Les crimes ciblant un groupe religieux ont bondi de 39 % au Québec en 2014 (dernières données disponibles), passant de 185 incidents en 2013 à 257 cas l'année suivante, rapportait en avril le ministère de la Sécurité publique. À l'échelle du pays, Statistique Canada a aussi noté une hausse des crimes haineux en 2014 (1295 cas rapportés contre 1167 en 2013).

« Je ne veux pas laisser l'impression que cela est répandu ou systémique. Mais un député nous a raconté comment il avait été battu quand il était adolescent à cause de ses origines. D'autres députés ont raconté qu'ils avaient encaissé des commentaires racistes en faisant du porte-à-porte durant la dernière campagne électorale. Ces incidents isolés arrivent. Ils ne représentent pas la majorité des Canadiens. Mais cela arrive, et nous devons être sensibles à cette réalité et nous devons dénoncer cela quand cela se produit.
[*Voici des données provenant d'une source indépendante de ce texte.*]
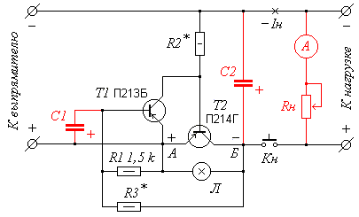 оказывается приложеной к лампе Л, которая загорается, указывая на перегрузку. Потребляемый при этом ток от выпрямителя в наихудшем случае (короткое замыкание) равен сумме токов лампы и открытого транзистора
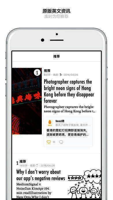 1、推荐:同步精选外媒的一手内容,涵盖当下热点资讯、流行趋势和深度观点。借助Seed君与社区用户的热度推荐,从海量内容中发掘最值得一读的英语资讯。
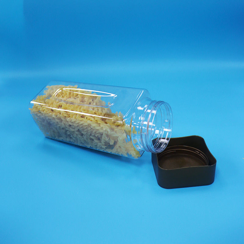 (3) धातु के ढक्कन के साथ पीईटी पारदर्शी चौड़ा मुंह आयताकार प्लास्टिक कैंडी जार 100% लीक-प्रूफ और वायुरोधी है
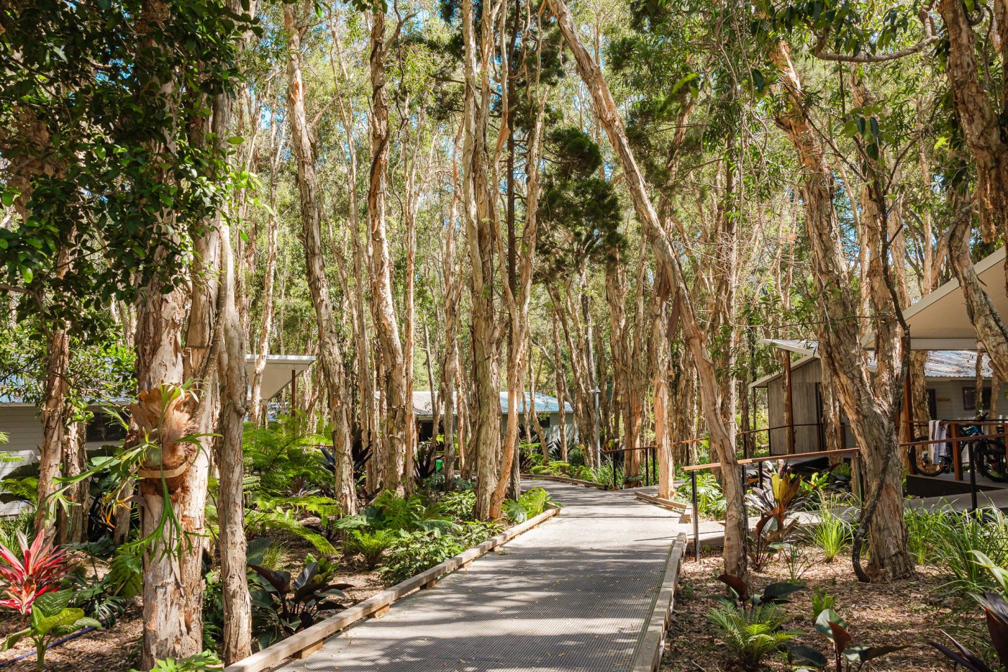 The 2 Bedroom Deluxe Eco Villa is perfect for longer family stays with two separate bedrooms (1 accessible), sleeping up to 4 people. These new villas are spaciously placed in a secluded and quiet area in amongst the cool canopy of existing trees. No guest vehicles are permitted beyond the Eco Villa parking area which ensures added safety for children playing in the area; boardwalk access to each villa. This Villa includes a separate open plan kitchenette, dining area and living room with TV opening out to a private alfresco dining area for outdoor family meals.

Il faut demeurer vigilant pour ne pas tomber dans le piège de l'intolérance », a dit M. Alghabra.

« NOUS NOUS SOMMES ENGAGÉS À TRAVAILLER ENSEMBLE »

Par ce petit geste, les députés libéraux essaient de construire un monde meilleur, un petit pas à la fois, a indiqué M. Alghabra, ajoutant qu'il souhaite aussi inviter les députés des autres formations politiques à cette soirée qui pourrait bien devenir une nouvelle tradition parlementaire.
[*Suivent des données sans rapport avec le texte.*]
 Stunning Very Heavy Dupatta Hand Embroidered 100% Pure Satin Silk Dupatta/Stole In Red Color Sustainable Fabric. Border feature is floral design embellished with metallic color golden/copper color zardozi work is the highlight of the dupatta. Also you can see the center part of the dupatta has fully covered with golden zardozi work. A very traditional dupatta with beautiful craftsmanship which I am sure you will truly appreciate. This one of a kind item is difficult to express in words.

« Nous nous sommes engagés durant le repas à travailler ensemble. C'était la première fois que ce genre d'événement était organisé sur la colline. [...] En politique et dans le monde dans lequel nous vivons, c'est malheureux, mais les gens sont souvent identifiés en fonction de leur religion ou de leur culture. Ces qualificatifs comportent souvent des préjugés. Cela contribue à créer une perception de différend », a expliqué le député.
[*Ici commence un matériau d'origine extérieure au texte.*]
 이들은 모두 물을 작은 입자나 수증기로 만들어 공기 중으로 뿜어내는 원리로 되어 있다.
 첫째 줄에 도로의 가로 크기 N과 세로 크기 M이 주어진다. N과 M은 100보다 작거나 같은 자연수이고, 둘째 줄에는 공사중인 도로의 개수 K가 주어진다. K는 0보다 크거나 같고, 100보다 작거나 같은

« La géopolitique fait en sorte que le plus grand différend apparent est entre les musulmans et les juifs. Alors, je voulais m'assurer que cette perception qui est projetée sur nous ne nous affecte pas. Nous travaillons très bien ensemble, nous sommes des collègues. Cela aussi nous permet de donner l'exemple, à savoir que nous pouvons tous célébrer Noël à notre façon, que nous pouvons tous nous rassembler durant le temps des Fêtes et profiter de la présence des autres. Nous avons eu une discussion fascinante et une soirée émouvante », a-t-il encore dit.

Qu'ont mangé les députés durant la soirée ? « Nous avons tous opté pour le buffet ce soir-là, a lancé en riant M. Alghabra. Ce n'était pas un souper à caractère religieux. Cela rassemblait des personnes ayant des racines juives ou musulmanes. »

OTTAWA OFFRE UNE AIDE AUX LIEUX DE CULTE VISÉS PAR DES CRIMES HAINEUX

À la mi-novembre, la ville d'Ottawa a été secouée par une série d'incidents à caractère haineux qui visaient des lieux de culte. Des croix gammées ont été dessinées sur la porte principale d'une église située au centre-ville de la capitale, laquelle est fréquentée par la communauté afro-canadienne. Les malfaiteurs ont aussi inscrit le mot « niggers » sur la même porte.

Durant la même nuit, des croix gammées ont été peintes à l'entrée d'une mosquée située dans l'ouest d'Ottawa. Le bâtiment sert aussi de lieu de rencontre pour les membres de l'Association musulmane d'Ottawa. 

Durant la même période, des graffitis antisémites ont été peints sur la résidence d'un rabbin à Ottawa et des affiches racistes ont été découvertes à Toronto, menant le ministre de la Sécurité publique, Ralph Goodale, à rappeler aux communautés qu'elles peuvent obtenir une aide du gouvernement fédéral pour renforcer les mesures de sécurité autour de leur lieu de culte comme l'éclairage, l'installation de caméras de surveillance ou de clôtures. Les projets approuvés peuvent recevoir jusqu'à 50 % du coût total, et ce, jusqu'à concurrence de 100 000 $ par projet.

Photo fournie par Omar Alghabra

En organisant ce repas, le député libéral Omar Alghabra (à droite de la deuxième rangée) voulait « envoyer un puissant message à ceux qui voudraient semer la division au pays en fonction de la couleur de la peau des uns ou de la religion des autres ».